I grew the mustache toward the end of my time in Canada, not long before I came to California. Honestly, I can’t remember why. I’d say it was because it was in style, but it wasn’t—at least not in my industry. I was the first game show host since Groucho Marx to be on the air with a mustache. Maybe it was my rebellious streak. I have naturally wavy hair, but throughout most of my career at the CBC, they would straighten it. The hairdresser would come in each week and put the part in my hair and yank it straight. It was the mid-sixties, and they wanted me to look squeaky clean. Once the seventies came along, I started to let my hair grow longer. It got fluffier and turned into an Afro. Once I grew the mustache, I looked like Dr. J.

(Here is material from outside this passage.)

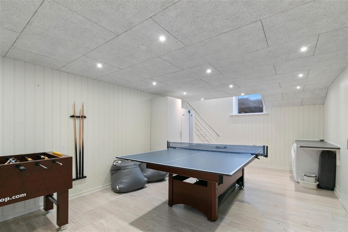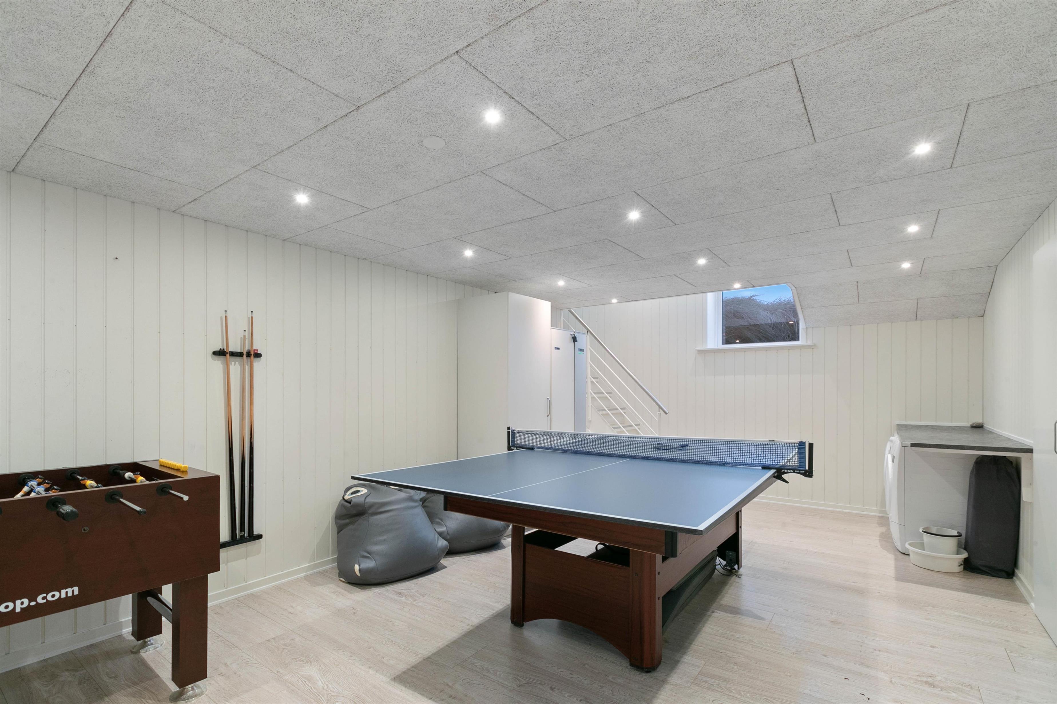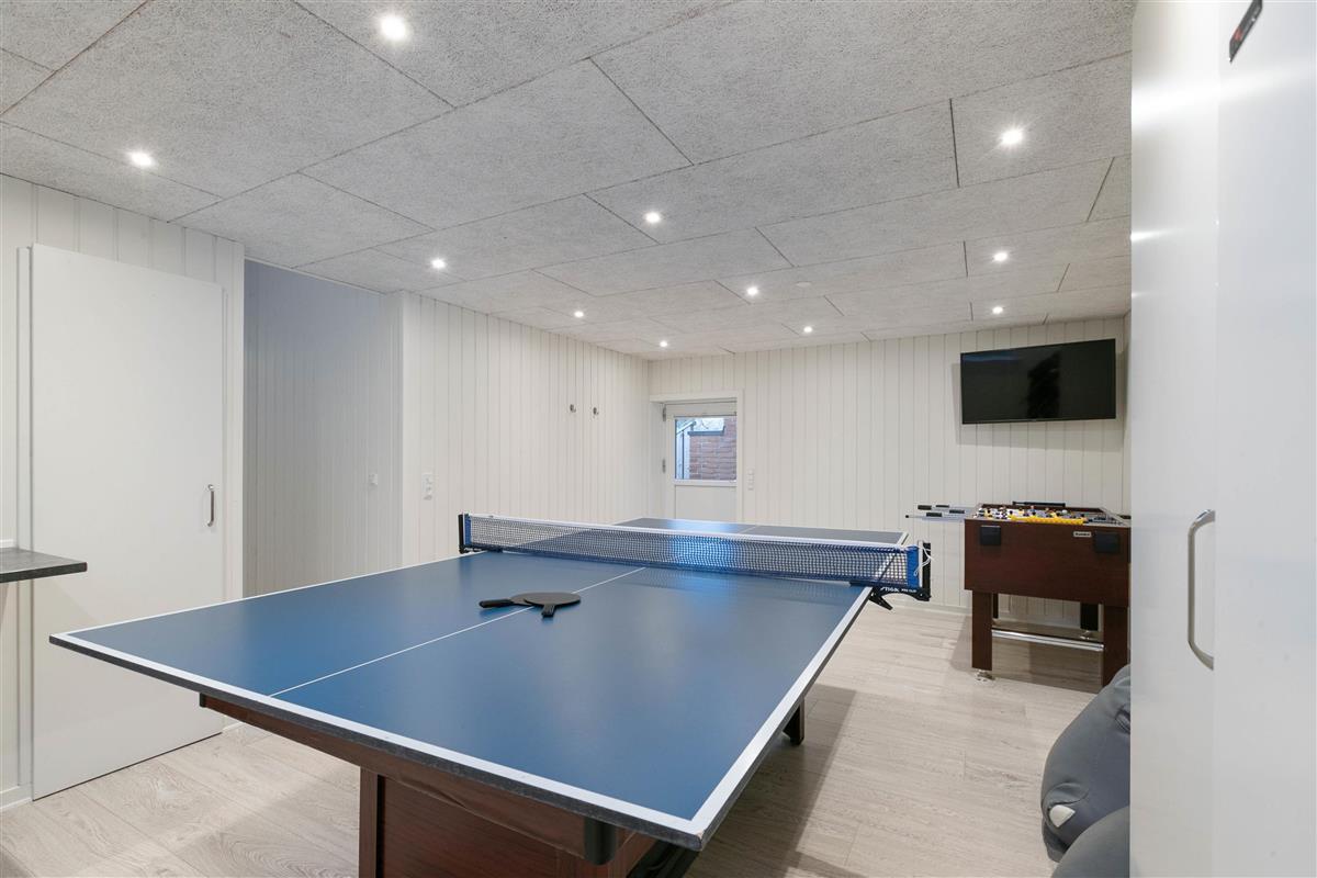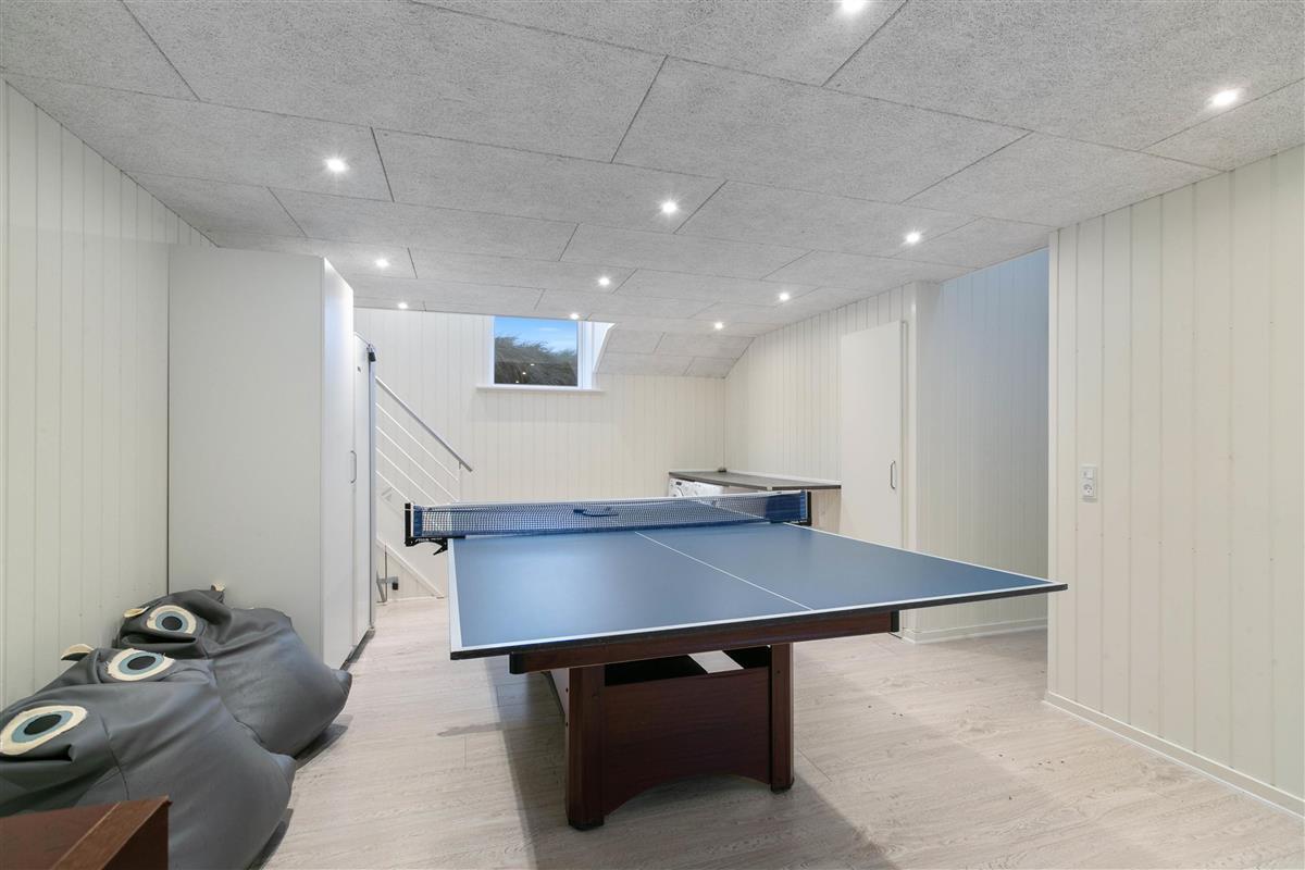 To avoid morning queues, you'll find two bathrooms with underfloor heating, one with access to the house's private sauna. A sauna session is particularly welcome after a long day in the fresh North Sea air. Afterwards, you can relax in front of the crackling wood-burning stove, which provides a cosy warmth. The games room is undoubtedly the highlight for younger guests, where you can enjoy matches of table football and table tennis.

When I flew to LA to shoot the pilot for The Wizard of Odds, I walked into the NBC studio and the executive producer, Burt Sugarman, came up to me and said, “I like the mustache.”
And then I ran into a doubtful-looking Lin Bolen, who was head of daytime programming for NBC.
“How do you feel about your mustache?” she asked.
“Very strongly,” I said.
“Oh,” she said. “Okay.”
And that was the end of that. They did cut some of my hair down. But they left me with my mustache.
I wore that mustache for nearly thirty years. Then, in 2001, I decided to shave it. It was pure whim. We were about to tape our fifth and final show of the day. I went into the makeup room, sat in the chair, and I said, “I’m gonna shave my mustache.” I grabbed the clippers and a razor and shaved half of it. Then one of my producers came in, and he was dumbstruck.
“Do you want me to come out with half?” I asked.
“No, no,” he said. “Not half.”
So I shaved the other half, and I walked out. Half the people in the audience didn’t notice right away. I got the same reaction when I came home. I walked into the house. Jean was there in the Play-Doh Room with Matthew and Emily. I stood in the doorway.
“Hi, guys,” I said.
“Hi, Dad,” the kids responded.
“Did you have a good day taping?” Jean asked.
“Yeah, it was fine.”
We talked for a few minutes… and a few minutes more… and a few minutes more.
Finally, I said, “Anyone notice anything different about Dad?”
“Oh my God,” Jean said. “You shaved your mustache.”
Matthew, who was around ten, started to cry. It was such a big shock. You do not mess with your children’s lives in that way.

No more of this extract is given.